I stand up and want to give my friend a hug, but as soon as I touch him, he falls over and suddenly I'm holding his dead body. Then, somehow, I die too.
***
I've been kicking and hitting nothing but thin air in my sleep. My bed sheets are now in a heap on the floor. Lights on. Am I dead? Is my friend dead? I want to text him and ask if he's okay, but it's the middle of the night and I seem to be alive, so he must be okay too, right?
I take a few shaky breaths. I really don't want to go back to sleep. What if this dream means something? What if my friend really dies if I ever touch him? I'm not thinking straight and my eyes are burning. Reluctantly I close them and try to sleep. This time I leave the lights on.
***
I'm bleeding. Not severly, but I've been bleeding for days now. It just doesn't stop.
A woman looks at her computer. 'We can't help you.
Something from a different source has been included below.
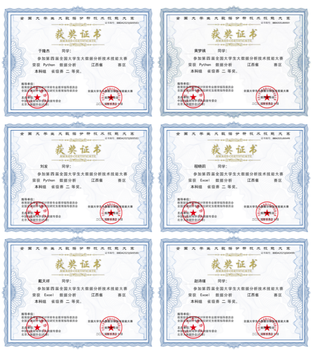 近日,第四屆全國大學生大數(shù)據(jù)分析技術(shù)技能大賽江西賽區(qū)省賽圓滿落幕,作為大數(shù)據(jù)分析領(lǐng)域極具影響力的賽事,本次大賽吸引了全國超5800名學子同臺競技。經(jīng)過激烈角逐,我校人工智能與數(shù)據(jù)科學學院學子在Python數(shù)據(jù)分析、Excel數(shù)據(jù)分析兩大賽項中多點開花,斬獲省級二等獎6項,充分彰顯了我校數(shù)據(jù)科學與大數(shù)據(jù)技術(shù)專業(yè)的教學成效和人才培養(yǎng)質(zhì)量。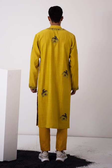 Mustard kurta with flock parrot, aari, sequin, bead, cutdana embroidery. Paired with pant.

No surgery, no medication, nothin.'
I put my hand on my lower abdomen as I realize what this means. I'll bleed to death because of some malevolent thing growing inside me, destroying my body from the inside.
***
The lights are still on. It's 5am. For a second I want to scream and cry, but then sleep drags me back to the scary world of my nightmares.

Source
I don't know where they came from. One day, or maybe I should say night, they were there. Nightmares. Tons of them. They started as the usual nightmares I'd had all my life: sharks attacking me, my own version of a Courage the Cowardly Dog episode, stuff like that.
A few weeks before the summer vacation started, my nightmares got worse. I started having multiple nightmares every night. I didn't know what to do. I just accepted it and tried to live with constant sleep deprivation, which wasn't that much different than usual because of my sleep disorder.
Summer vacation came around. It seemed like I left my nightmares behind as soon as I crossed the border into Germany. I didn't have a single nightmare in all the four weeks of my vaction, but as soon as I was back in my bed in my house on Lavender Street, the nightmares came back.
A friend of mine read that I should drink apple juice before I go to sleep. It should keep the nightmares away. I tried it for a while and it seemed to work, but after a month I couldn't drink another glass of apple juice without wanting to throw up...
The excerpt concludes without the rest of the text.